"""
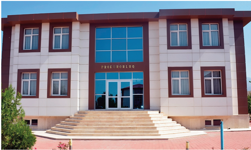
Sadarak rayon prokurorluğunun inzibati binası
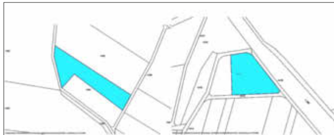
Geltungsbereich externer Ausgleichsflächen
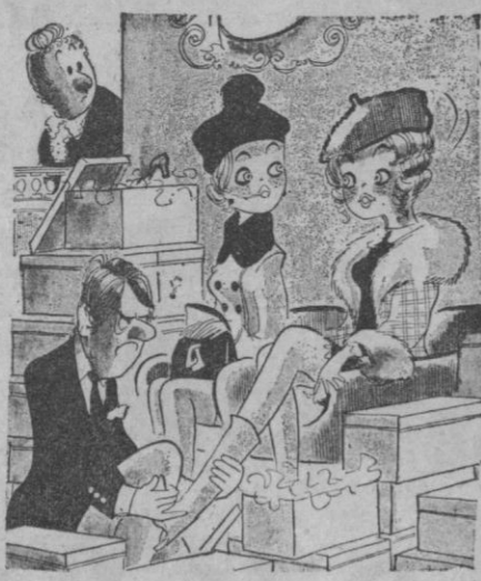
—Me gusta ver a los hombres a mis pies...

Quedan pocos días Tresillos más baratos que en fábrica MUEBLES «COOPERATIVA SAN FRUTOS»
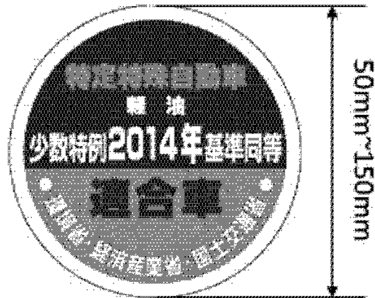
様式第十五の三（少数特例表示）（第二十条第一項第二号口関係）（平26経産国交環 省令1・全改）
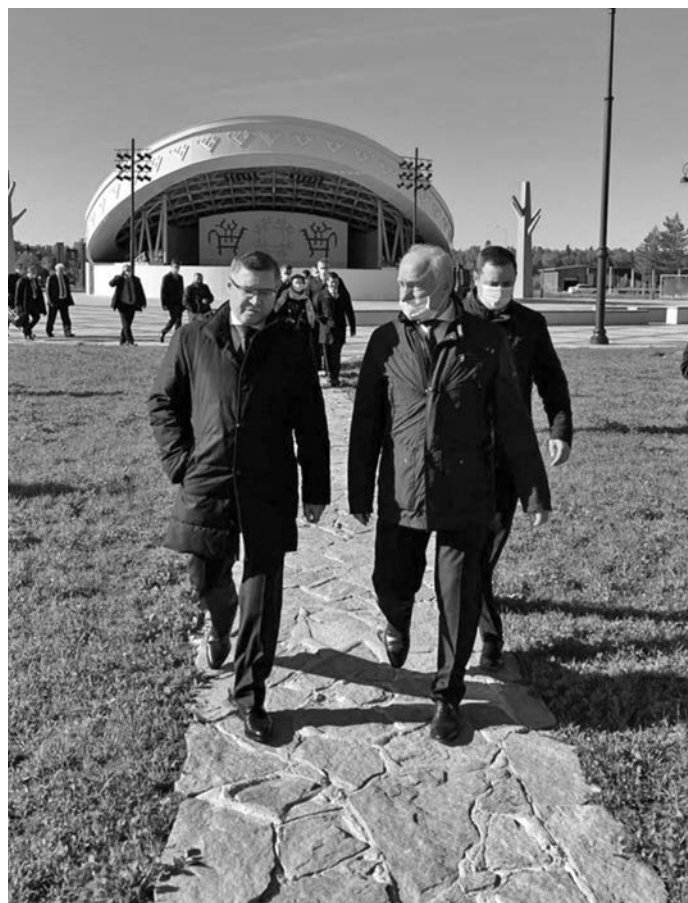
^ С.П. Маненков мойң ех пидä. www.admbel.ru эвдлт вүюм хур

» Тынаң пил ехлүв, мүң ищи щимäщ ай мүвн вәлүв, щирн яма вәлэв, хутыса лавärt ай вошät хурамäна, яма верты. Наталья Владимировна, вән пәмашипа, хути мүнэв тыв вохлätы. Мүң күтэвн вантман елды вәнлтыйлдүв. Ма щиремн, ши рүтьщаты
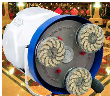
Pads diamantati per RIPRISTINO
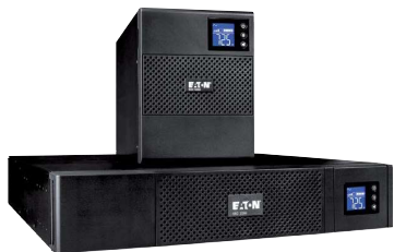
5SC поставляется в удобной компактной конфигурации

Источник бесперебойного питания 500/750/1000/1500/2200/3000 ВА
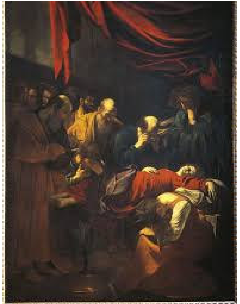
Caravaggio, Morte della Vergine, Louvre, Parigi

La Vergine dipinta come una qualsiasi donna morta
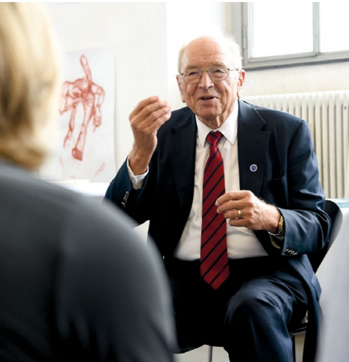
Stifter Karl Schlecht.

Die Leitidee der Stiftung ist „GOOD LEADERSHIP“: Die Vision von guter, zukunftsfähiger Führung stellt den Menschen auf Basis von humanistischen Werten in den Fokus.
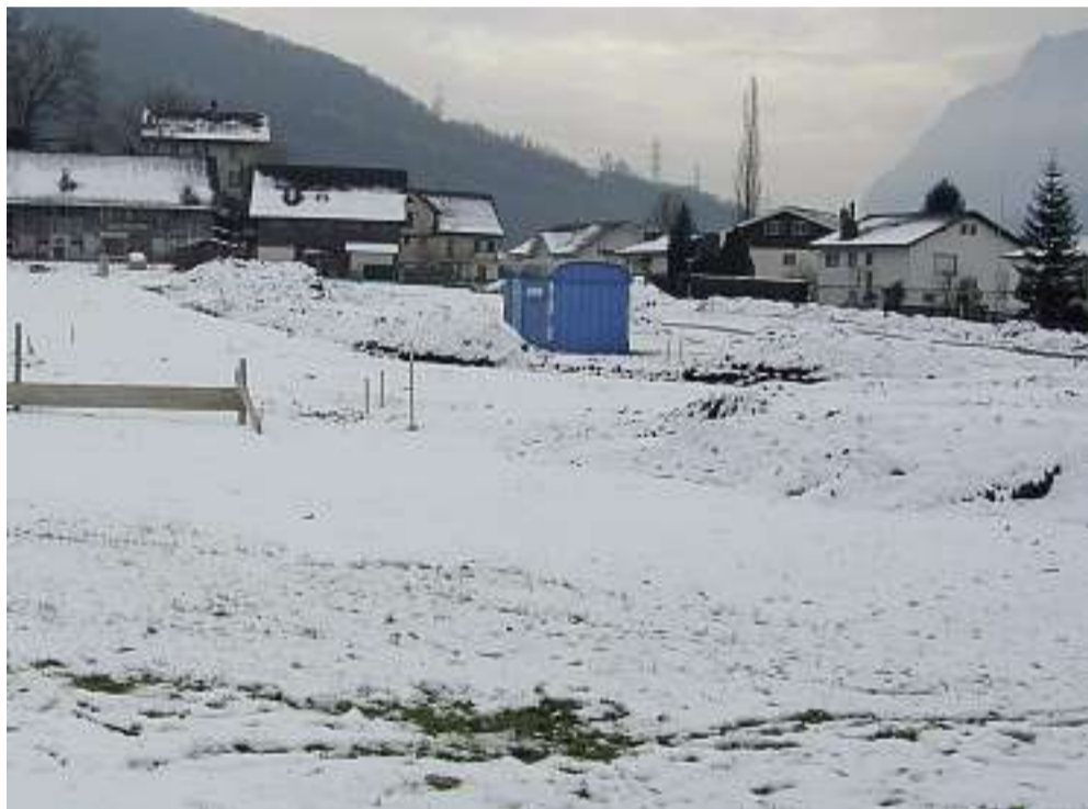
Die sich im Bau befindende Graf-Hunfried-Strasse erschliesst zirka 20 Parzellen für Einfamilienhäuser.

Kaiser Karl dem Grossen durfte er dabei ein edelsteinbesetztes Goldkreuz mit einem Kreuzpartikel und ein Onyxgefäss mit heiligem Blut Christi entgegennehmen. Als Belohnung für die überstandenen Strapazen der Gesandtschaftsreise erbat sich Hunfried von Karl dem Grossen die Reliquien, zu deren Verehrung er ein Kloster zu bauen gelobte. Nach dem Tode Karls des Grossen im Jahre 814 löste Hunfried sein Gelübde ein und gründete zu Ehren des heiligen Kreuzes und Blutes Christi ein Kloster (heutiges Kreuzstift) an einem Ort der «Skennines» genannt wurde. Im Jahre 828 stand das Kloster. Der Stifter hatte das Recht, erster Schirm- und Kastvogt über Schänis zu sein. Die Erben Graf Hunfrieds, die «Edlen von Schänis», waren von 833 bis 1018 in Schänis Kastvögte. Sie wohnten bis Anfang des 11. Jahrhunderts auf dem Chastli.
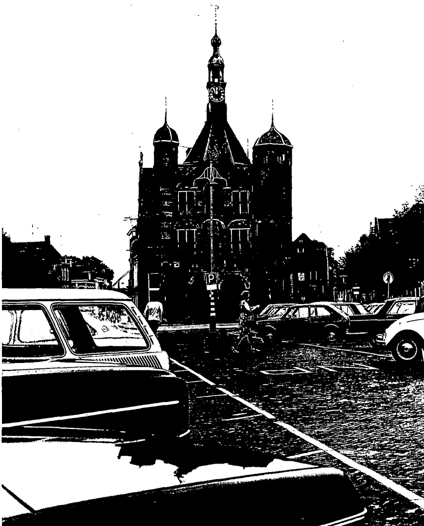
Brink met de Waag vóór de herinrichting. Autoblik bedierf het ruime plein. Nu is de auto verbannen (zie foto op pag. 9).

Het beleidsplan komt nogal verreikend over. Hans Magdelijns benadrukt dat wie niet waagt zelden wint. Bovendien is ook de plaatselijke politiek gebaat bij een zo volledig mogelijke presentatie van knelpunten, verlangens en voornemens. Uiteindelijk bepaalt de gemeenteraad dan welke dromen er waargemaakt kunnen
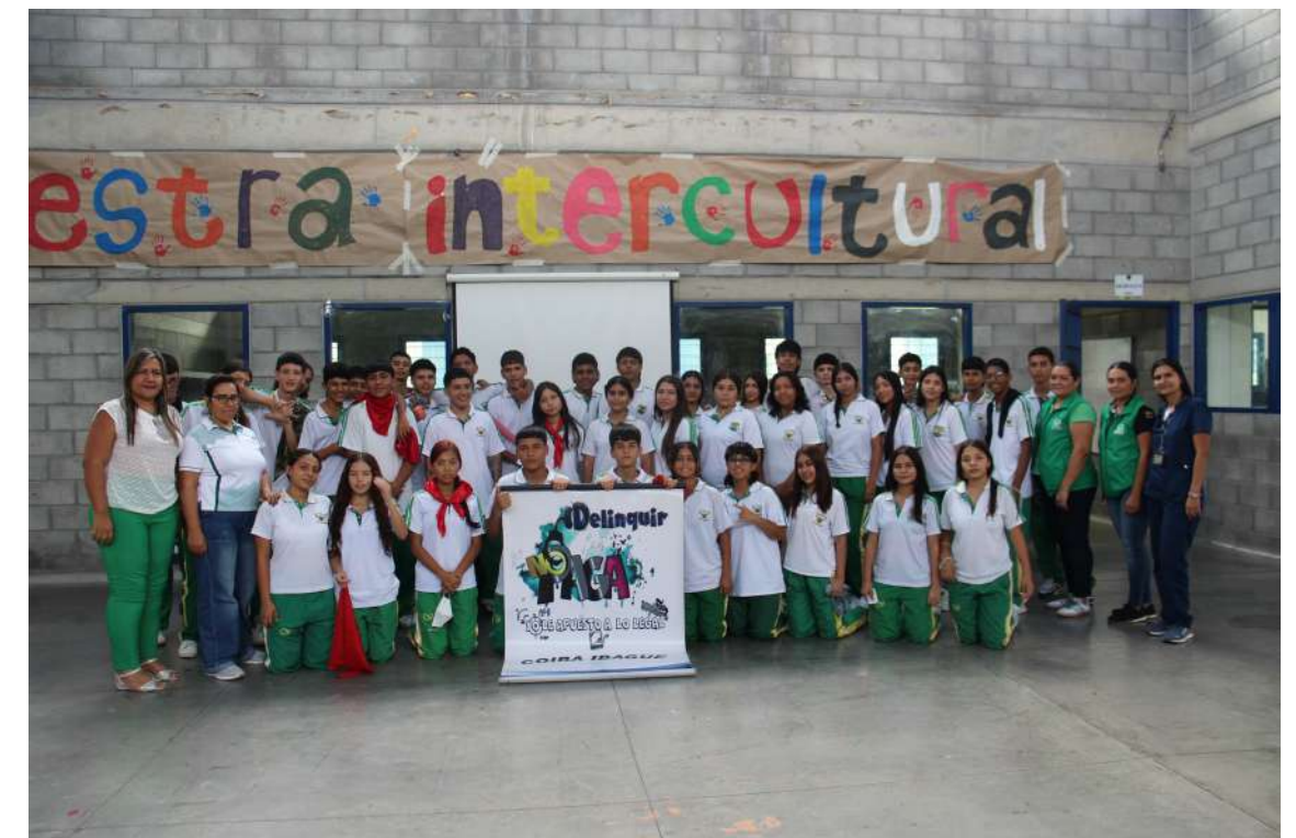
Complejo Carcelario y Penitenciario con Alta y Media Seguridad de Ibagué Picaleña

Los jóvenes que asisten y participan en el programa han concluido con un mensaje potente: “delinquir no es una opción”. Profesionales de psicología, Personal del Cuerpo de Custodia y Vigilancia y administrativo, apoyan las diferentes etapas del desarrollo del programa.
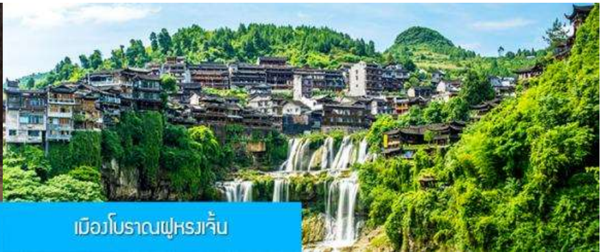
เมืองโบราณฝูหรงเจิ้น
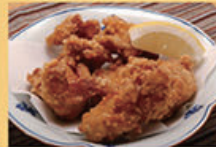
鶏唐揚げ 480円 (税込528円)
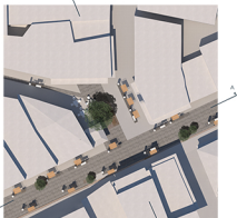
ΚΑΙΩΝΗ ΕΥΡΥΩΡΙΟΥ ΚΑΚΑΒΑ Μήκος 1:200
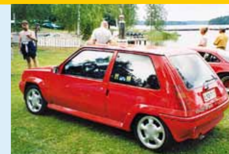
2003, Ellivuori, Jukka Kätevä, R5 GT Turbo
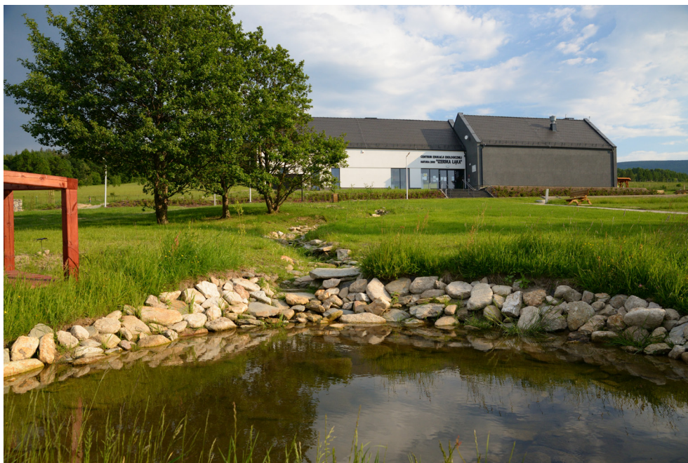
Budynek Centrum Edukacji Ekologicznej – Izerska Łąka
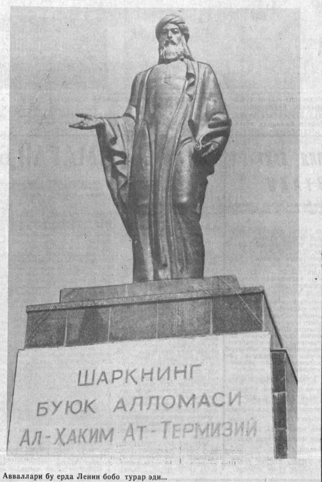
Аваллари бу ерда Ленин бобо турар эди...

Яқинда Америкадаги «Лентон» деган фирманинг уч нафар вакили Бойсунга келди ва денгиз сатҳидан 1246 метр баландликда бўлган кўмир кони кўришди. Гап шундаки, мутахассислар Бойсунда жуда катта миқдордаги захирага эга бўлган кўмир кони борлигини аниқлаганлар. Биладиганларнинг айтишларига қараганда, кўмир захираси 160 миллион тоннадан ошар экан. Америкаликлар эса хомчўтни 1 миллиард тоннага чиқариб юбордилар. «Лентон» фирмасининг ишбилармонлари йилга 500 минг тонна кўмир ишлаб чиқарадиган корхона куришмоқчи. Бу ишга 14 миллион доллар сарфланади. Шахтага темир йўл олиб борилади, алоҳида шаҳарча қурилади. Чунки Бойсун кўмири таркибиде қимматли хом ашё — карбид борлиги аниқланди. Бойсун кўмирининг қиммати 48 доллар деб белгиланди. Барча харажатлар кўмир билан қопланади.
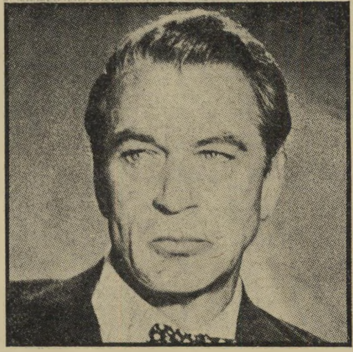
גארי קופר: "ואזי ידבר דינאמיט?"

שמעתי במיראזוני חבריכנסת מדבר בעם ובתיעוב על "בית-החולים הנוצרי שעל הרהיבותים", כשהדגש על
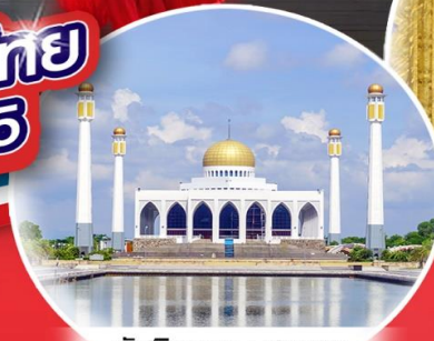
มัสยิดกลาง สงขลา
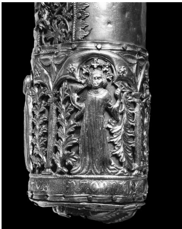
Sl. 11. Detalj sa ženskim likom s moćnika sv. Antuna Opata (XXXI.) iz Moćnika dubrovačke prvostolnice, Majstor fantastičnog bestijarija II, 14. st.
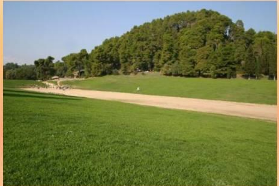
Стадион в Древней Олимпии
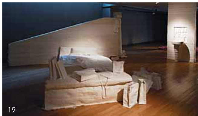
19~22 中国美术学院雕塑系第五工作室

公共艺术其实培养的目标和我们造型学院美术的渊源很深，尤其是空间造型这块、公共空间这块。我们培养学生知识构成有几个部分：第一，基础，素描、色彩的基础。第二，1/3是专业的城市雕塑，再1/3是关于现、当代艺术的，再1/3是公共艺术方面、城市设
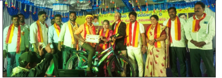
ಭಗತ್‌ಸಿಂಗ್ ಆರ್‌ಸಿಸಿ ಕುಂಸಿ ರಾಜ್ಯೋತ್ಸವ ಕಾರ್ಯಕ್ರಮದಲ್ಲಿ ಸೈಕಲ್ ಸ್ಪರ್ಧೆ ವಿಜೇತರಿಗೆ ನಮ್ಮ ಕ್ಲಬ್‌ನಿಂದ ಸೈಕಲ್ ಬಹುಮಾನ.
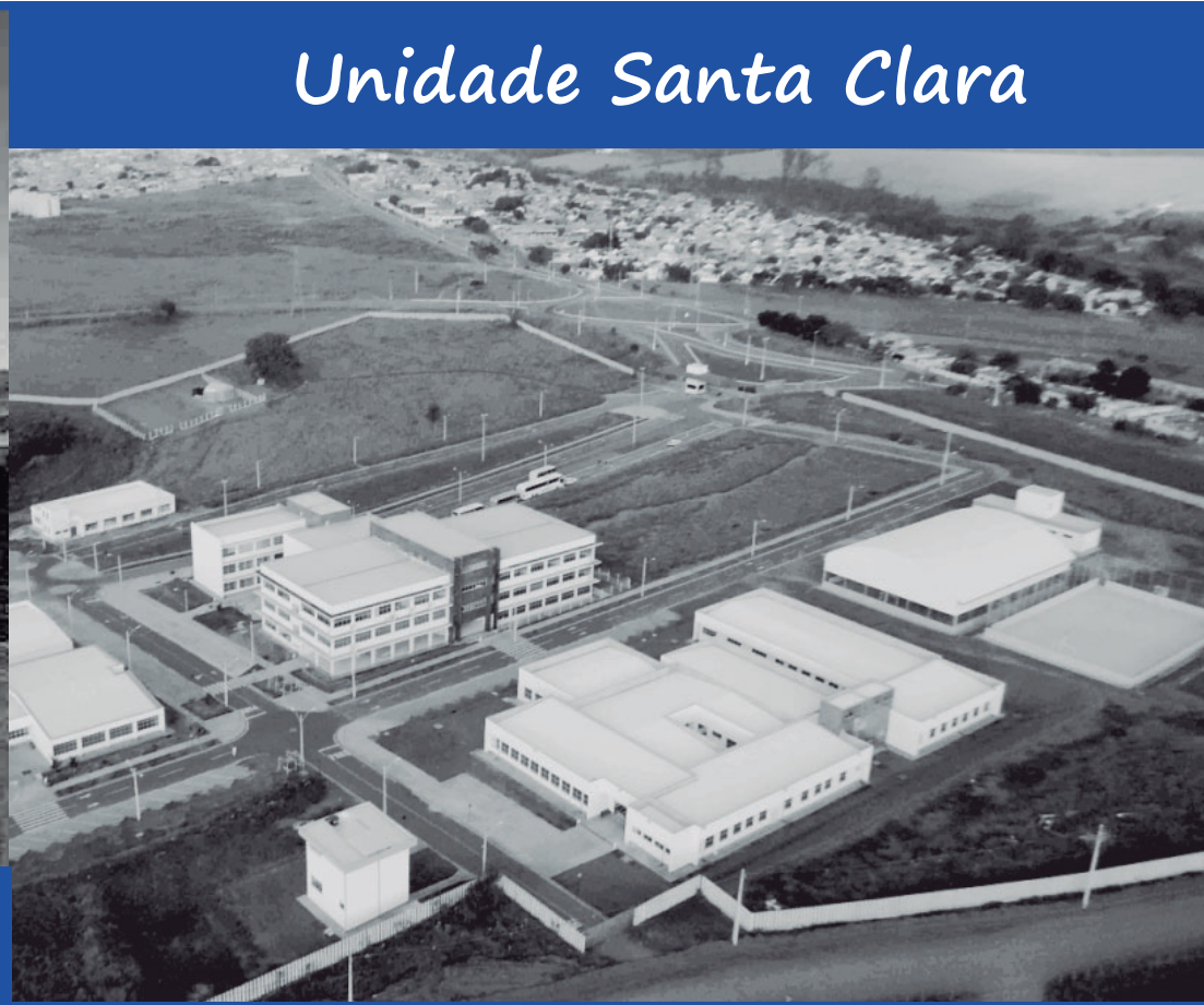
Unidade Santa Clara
"""
YOUR OBJECTIVE - All pictures are to be skipped. Output, word for word, the lines in the data above starting at the line containing "Источник бесперебойного питания" and ending at the line containing "Die sich im".

OUTPUT BELOW -
Источник бесперебойного питания 500/750/1000/1500/2200/3000 ВА
Caravaggio, Morte della Vergine, Louvre, Parigi

La Vergine dipinta come una qualsiasi donna morta
Stifter Karl Schlecht.

Die Leitidee der Stiftung ist „GOOD LEADERSHIP“: Die Vision von guter, zukunftsfähiger Führung stellt den Menschen auf Basis von humanistischen Werten in den Fokus.
Die sich im Bau befindende Graf-Hunfried-Strasse erschliesst zirka 20 Parzellen für Einfamilienhäuser.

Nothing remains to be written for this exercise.